> **Information**
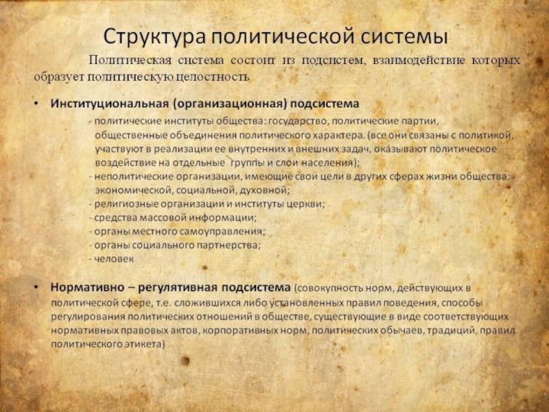 Презентация по обществознанию на тему Политическая система общества Обществознание
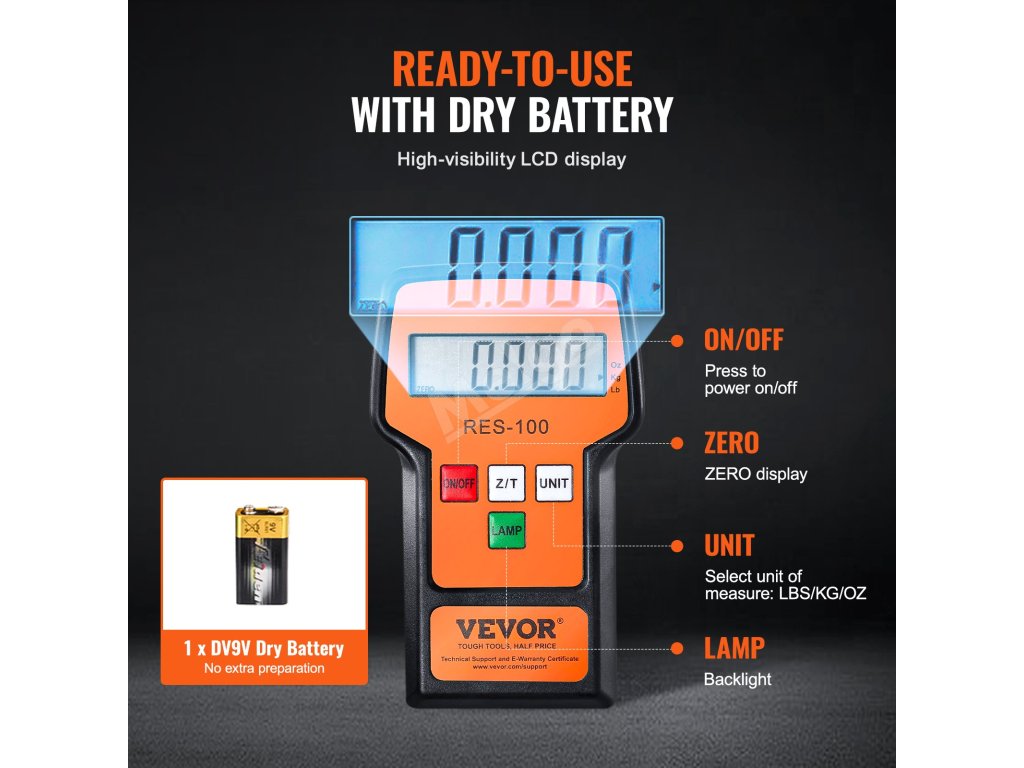 Obsahuje upozornění "FULL" na dálkovém ovladači pro položky, které překročí rozsah vážení, což zabraňuje poškození snímače při nadměrné hmotnosti.
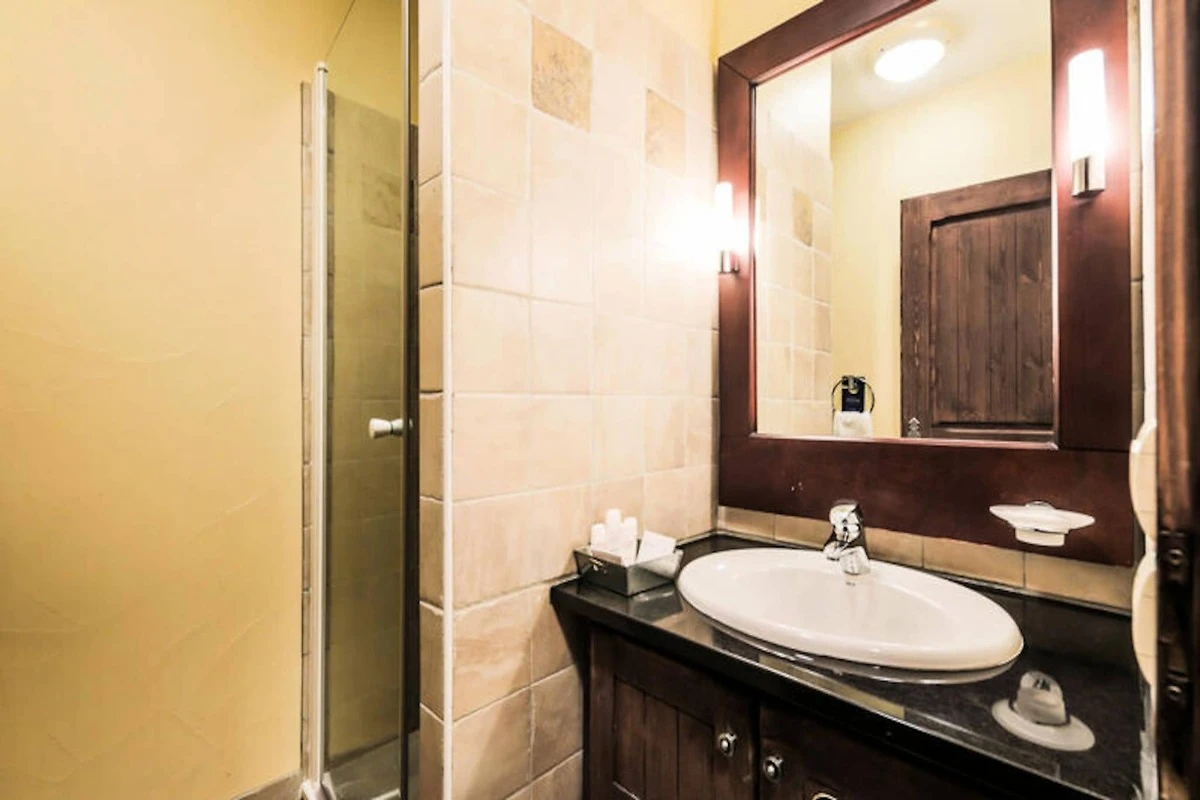 Dieses gerהumige Apartment ist auf Komfort ausgelegt und verf�gt �ber zwei Schlafzimmer mit einem Doppelbett und zwei Einzelbetten. Es ist haustierfreundlich (gegen Aufpreis) und eignet sich perfekt f�r die Mitnahme Ihrer pelzigen Begleiter. Der Wohnbereich umfasst ein gem�tliches Sofa, einen Kamin und einen Esstisch f�r sechs Personen. Den Gהsten stehen Annehmlichkeiten wie ein beheizter Au�enpool, ein Spa und ein Fitnesscenter zur Verf�gung, die nach einem erlebnisreichen Tag zahlreiche Mצglichkeiten zum Entspannen bieten.
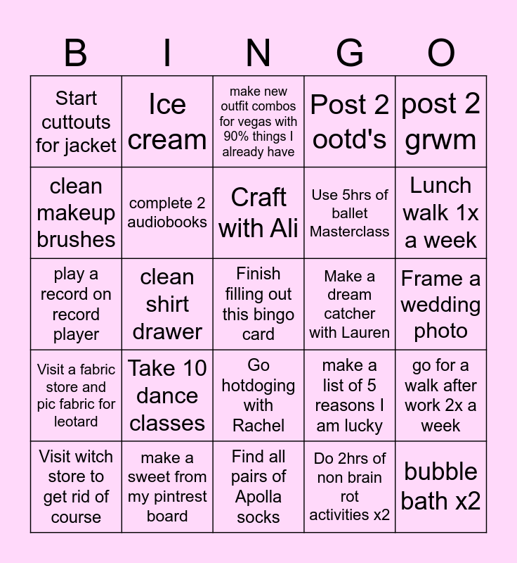 This bingo card has a free space and 24 words: Take 10 dance classes, make a sweet from my pintrest board, Craft with Ali, Visit witch store to get rid of course, post 2 grwm, Start cuttouts for jacket, clean makeup brushes, Ice cream, Make a dream catcher with Lauren, Go hotdoging with Rachel, Use 5hrs of ballet Masterclass, play a record on record player, make a list of 5 reasons I am lucky, go for a walk after work 2x a week, complete 2 audiobooks, Do 2hrs of non brain rot activities x2, Frame a wedding photo, make new outfit combos for vegas with 90% things I already have, Lunch walk 1x a week, clean shirt drawer, bubble bath x2, Visit a fabric store and pic fabric for leotard, Post 2 ootd's and Find all pairs of Apolla socks.
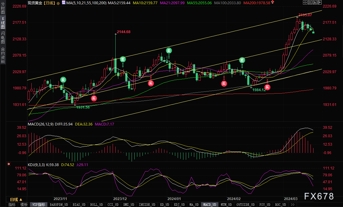 Kitonyi指出,在日线图上,黄金价格似乎仍在一个急剧上升的通道中交易。14日RSI在上周五反弹至超买状态,然后试图回撤。因此,黄金空头将把长期获利回调目标定在2123美元/盎司左右,或更低的2080美元/盎司。另一方面,黄金多头将把反弹目标定在2199美元/盎司左右,或更高的2243美元/盎司。
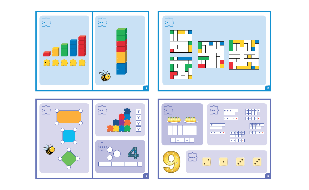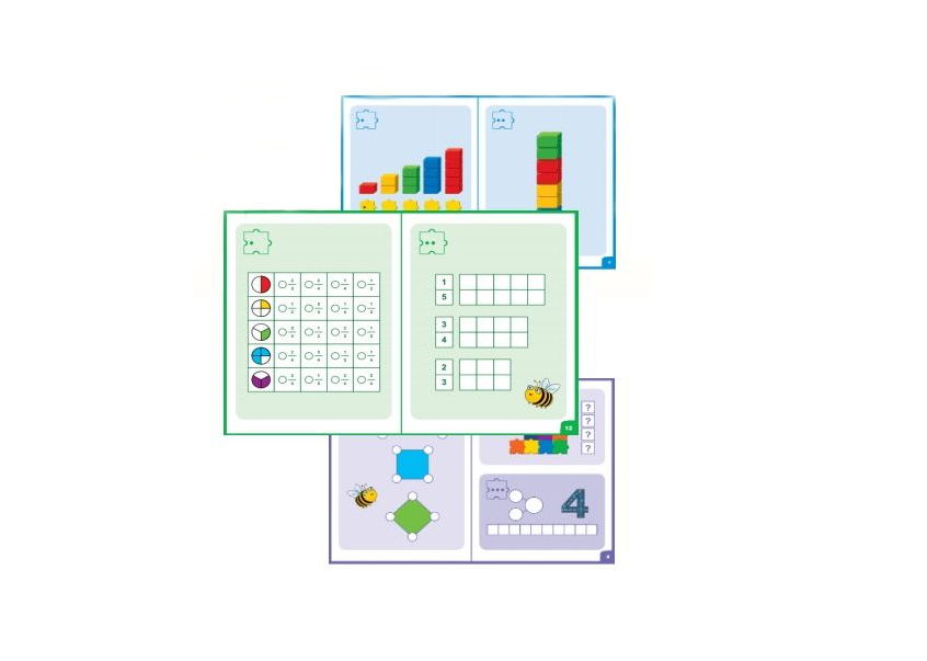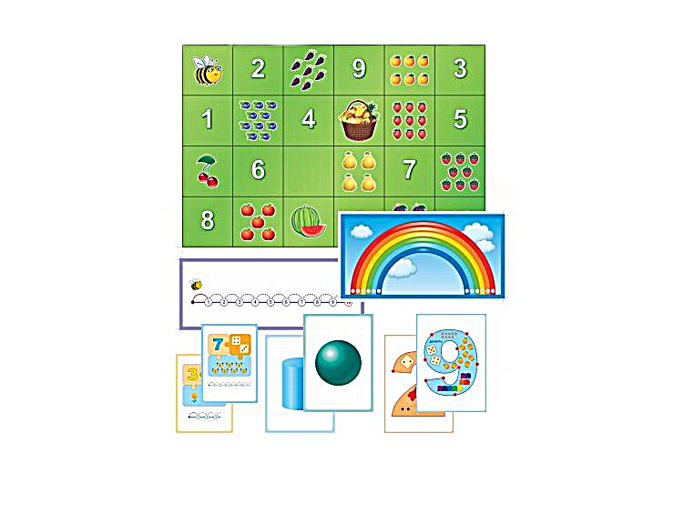 Карточки с яркими картинками распечатаны на отдельных листах, задействуются в нескольких вариантах игр. Комплекс нацелен на поэтапное освоение математики, через визуальные ассоциации, с плавным усложнением заданий.

> **Task item**
Nothing but the lines from the first line of the data through the line with "Kitonyi指出,在日线图" belongs in the answer, copied exactly and without pictures.

> **Solution to the exercise**
 Презентация по обществознанию на тему Политическая система общества Обществознание
 Obsahuje upozornění "FULL" na dálkovém ovladači pro položky, které překročí rozsah vážení, což zabraňuje poškození snímače při nadměrné hmotnosti.
 Dieses gerהumige Apartment ist auf Komfort ausgelegt und verf�gt �ber zwei Schlafzimmer mit einem Doppelbett und zwei Einzelbetten. Es ist haustierfreundlich (gegen Aufpreis) und eignet sich perfekt f�r die Mitnahme Ihrer pelzigen Begleiter. Der Wohnbereich umfasst ein gem�tliches Sofa, einen Kamin und einen Esstisch f�r sechs Personen. Den Gהsten stehen Annehmlichkeiten wie ein beheizter Au�enpool, ein Spa und ein Fitnesscenter zur Verf�gung, die nach einem erlebnisreichen Tag zahlreiche Mצglichkeiten zum Entspannen bieten.
 This bingo card has a free space and 24 words: Take 10 dance classes, make a sweet from my pintrest board, Craft with Ali, Visit witch store to get rid of course, post 2 grwm, Start cuttouts for jacket, clean makeup brushes, Ice cream, Make a dream catcher with Lauren, Go hotdoging with Rachel, Use 5hrs of ballet Masterclass, play a record on record player, make a list of 5 reasons I am lucky, go for a walk after work 2x a week, complete 2 audiobooks, Do 2hrs of non brain rot activities x2, Frame a wedding photo, make new outfit combos for vegas with 90% things I already have, Lunch walk 1x a week, clean shirt drawer, bubble bath x2, Visit a fabric store and pic fabric for leotard, Post 2 ootd's and Find all pairs of Apolla socks.
 Kitonyi指出,在日线图上,黄金价格似乎仍在一个急剧上升的通道中交易。14日RSI在上周五反弹至超买状态,然后试图回撤。因此,黄金空头将把长期获利回调目标定在2123美元/盎司左右,或更低的2080美元/盎司。另一方面,黄金多头将把反弹目标定在2199美元/盎司左右,或更高的2243美元/盎司。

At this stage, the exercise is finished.